◆ INFORMATION GIVEN:
- - - -

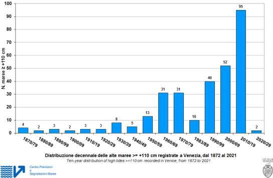Prima della II guerra mondiale le acque alte sopra i 130 cm registrate sono state 2 su 49 occorse (sino al 2020) e di esse ben 42 si sono verificate negli anni successivi al 1978, 16 negli anni dal 2010-2020
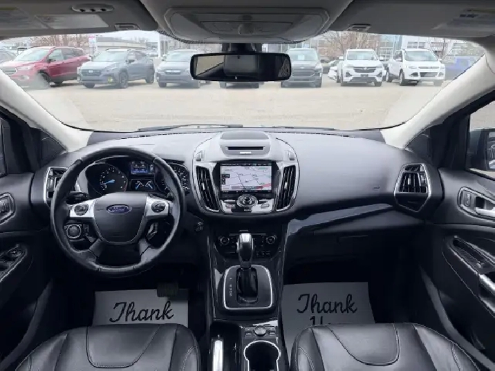 The vehicle you see before you is a 2013 Ford Escape Titanium. This vehicle is powered by a 2.0L turbocharged engine paired with an automatic transmission that features AWD and has 96,241km on the odometer.
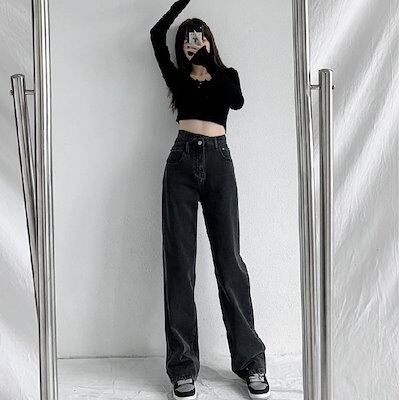 脚長効果!デニムパンツ イレギュラーゆったりストレートデニムパンツ レディース百掛けハイウエストスリムワイドパンツ
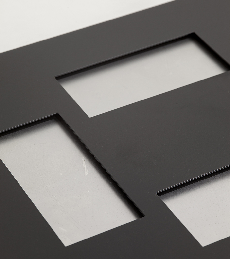 Single colour offset print mounted on electrolytically coated steel, bonded in laser cut, pressed and powder coated 18 – gauge steel chassis 385 x 315 x 10mm. Special edition is a split typewritten single colour offset print mounted on two panels of electrolytically coated steel, bonded in laser cut, pressed and powder coated steel chassis 385 x 315 x 10mm
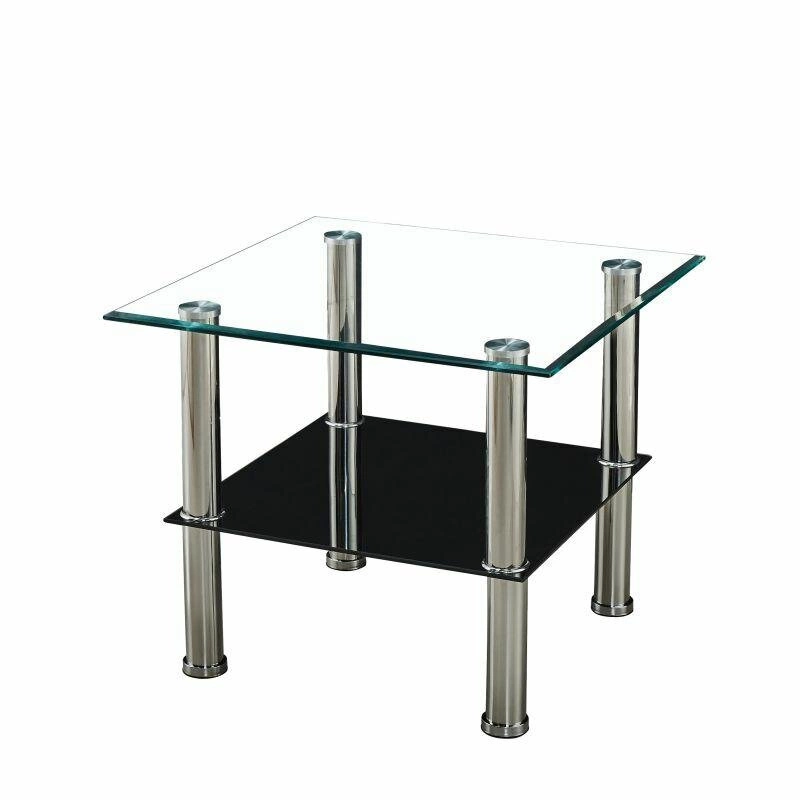 Konferenční stolek Irina moderní skleněný čtvercový s policí 60x60 cm do obýváku loftový
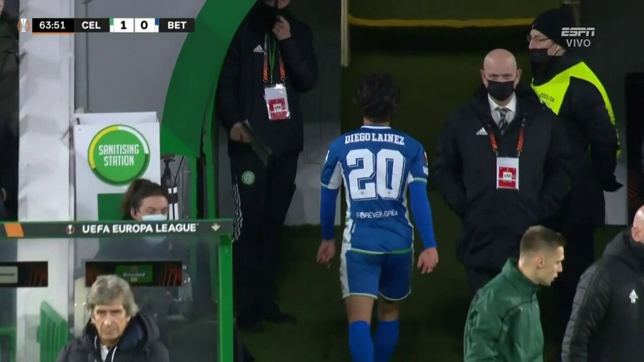Diego Lainez fue titular con el Betis en el duelo con el Celtic, de la sexta jornada de la Europa League; sin embargo, no tomó de muy buena forma el ser sustituido.
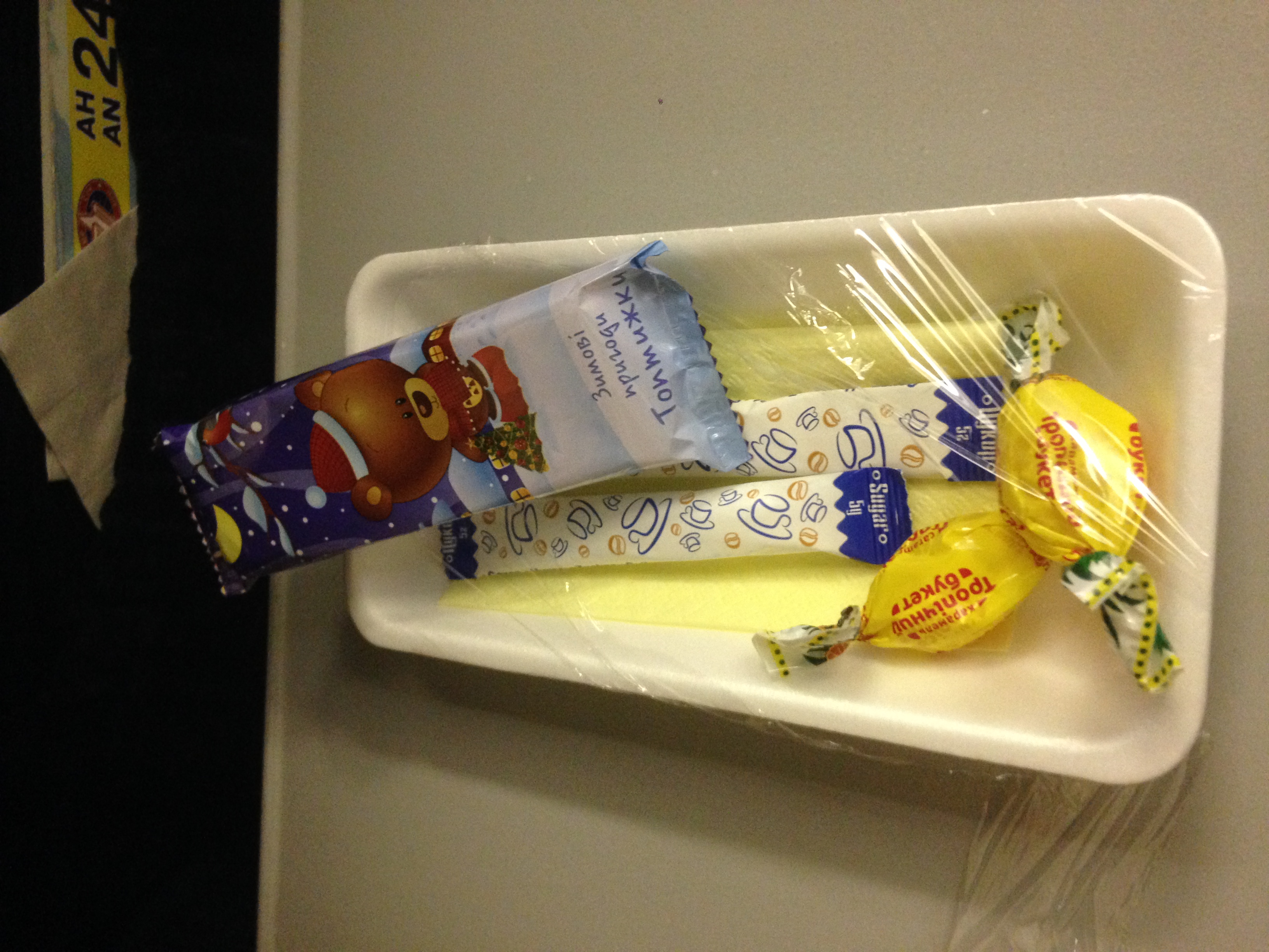 На зворотньому шляху замість печива-літачків була вівсяна печенька з журавлиною (а дружині попалась з білим шоколадом). Замість лазаньї були макарони, а курочка була з картоплею пюре і картоплею шматочками. Один раз давали "шайбу" з джерельною водою і один раз просто наливали воду з пляшки а-ля МАУ.
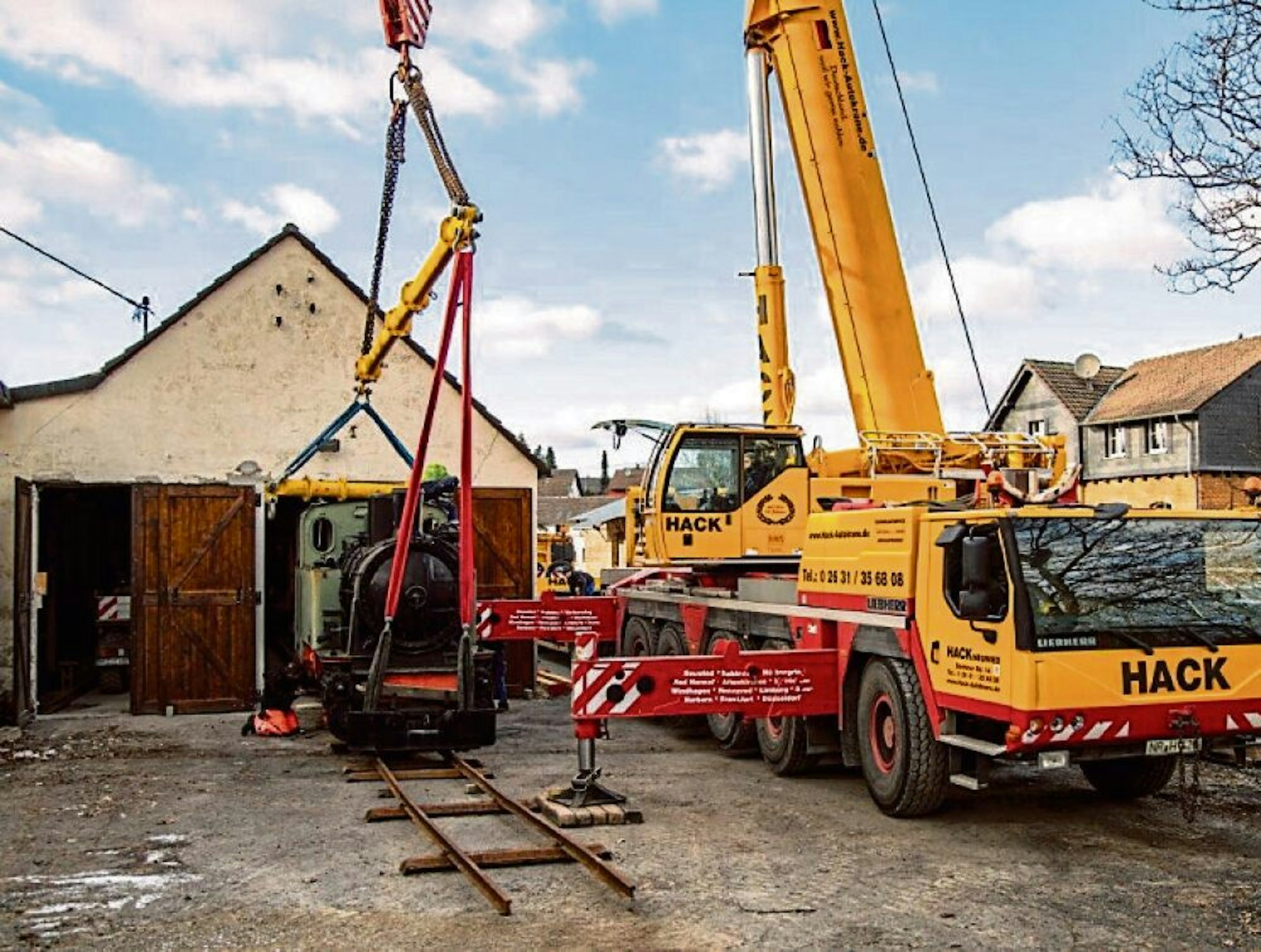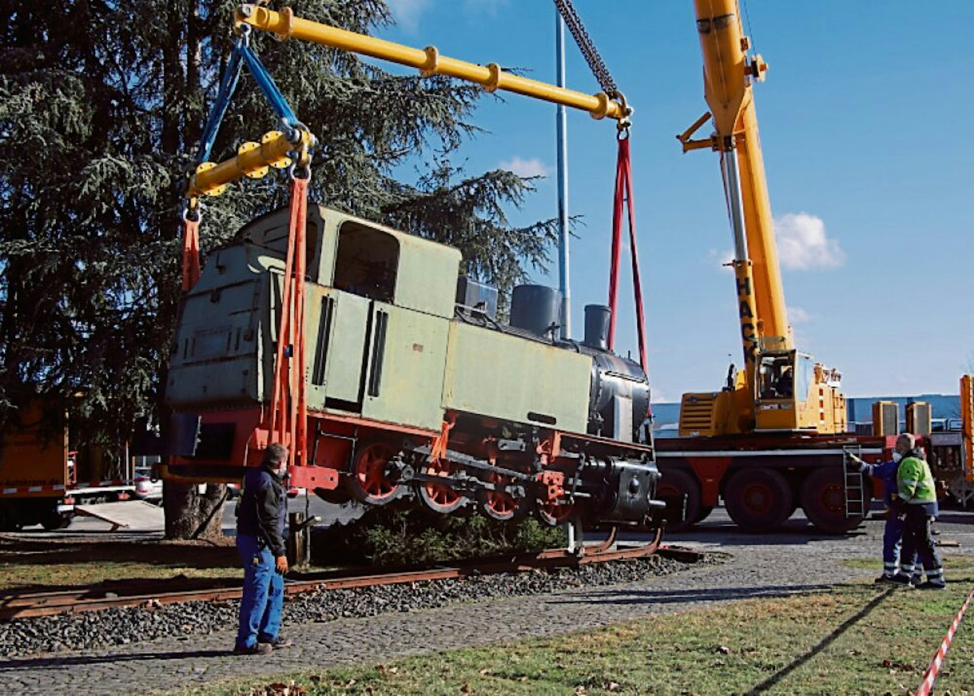 Bis zum Jahr 1968 war die Schmalspurlok unterwegs. Ein Kran hievte sie jetzt auf dem Betriebshof der RSVG in Hennef auf einen Schwertransporter. In Asbach wurde das Schmuckstück auf die eigens verlegten Gleise gesetzt.
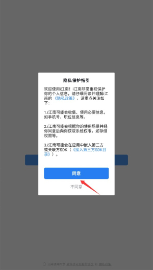 1、首次启动应用时,系统会显示用户协议和隐私政策,阅读后点击同意按钮进入主界面。
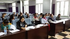 会议伊始,刘丽书记介绍了此次评选大会的规则,本次评选评委团由刘丽书记,王伟教授,金顺子教授,杨淑娟教授,学生工作办公室吴晓辉主任,苏国范老师,郭倩君老师,学院学生会主席付晓燕及副主席团学生代表,各年级班级的优秀学生代表,学生党支部优秀党员代表组成。刘丽书记宣读了《肉视频
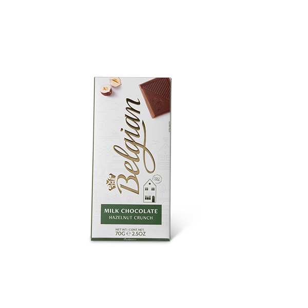 Discover the irresistible combination of smooth Belgian milk chocolate and crunchy hazelnut pieces. This 70g bar delivers a perfect balance of creamy sweetness and satisfying texture, making it the ultimate treat for chocolate lovers.
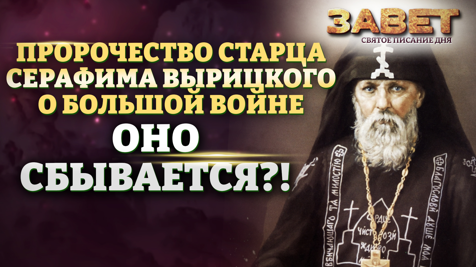 ПРОРОЧЕСТВО СТАРЦА СЕРАФИМА ВЫРИЦКОГО О БОЛЬШОЙ ВОЙНЕ. ОНО СБЫВАЕТСЯ?! ЗАВЕТ
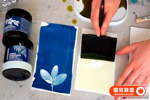 Cyanotype – 蓝晒印相工艺,该工艺也被称为蓝晒法,是一种大家比较熟悉的古典摄影工艺。制作蓝晒印相只需要两种化学药品:柠檬酸铁铵和铁氰化钾。两种化学药水按比例配制之后,涂布在纸张或者其它介质上,借助阳光中的紫外线进行曝光,之后使用清水冲洗即可完成定影。很多初学者都把它当作第一种进行练习的古典摄影工艺。
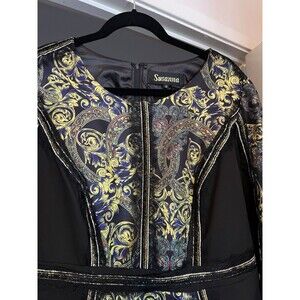 Susanna By Teramina Slimming Black Gold Skirt Suit Size 14 Long Sleeve Elegant
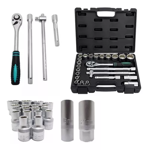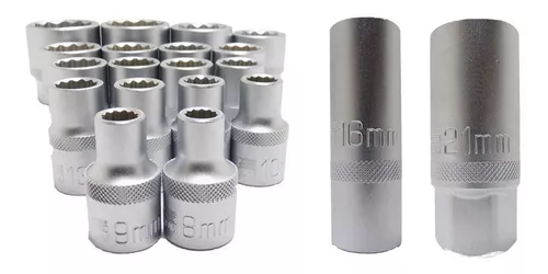 18 Soquetes estriados 1/2″: 8, 9, 10, 11, 12, 13, 14, 15 ,16, 17, 18, 19, 21, 22 ,24, 27, 30 e 32mm

- - - -

Exact repeats of the lines from the first one in the data through the line containing "The vehicle you" make up the answer. Pictures do not.

◆ EXPECTED ANSWER:
Prima della II guerra mondiale le acque alte sopra i 130 cm registrate sono state 2 su 49 occorse (sino al 2020) e di esse ben 42 si sono verificate negli anni successivi al 1978, 16 negli anni dal 2010-2020
 The vehicle you see before you is a 2013 Ford Escape Titanium. This vehicle is powered by a 2.0L turbocharged engine paired with an automatic transmission that features AWD and has 96,241km on the odometer.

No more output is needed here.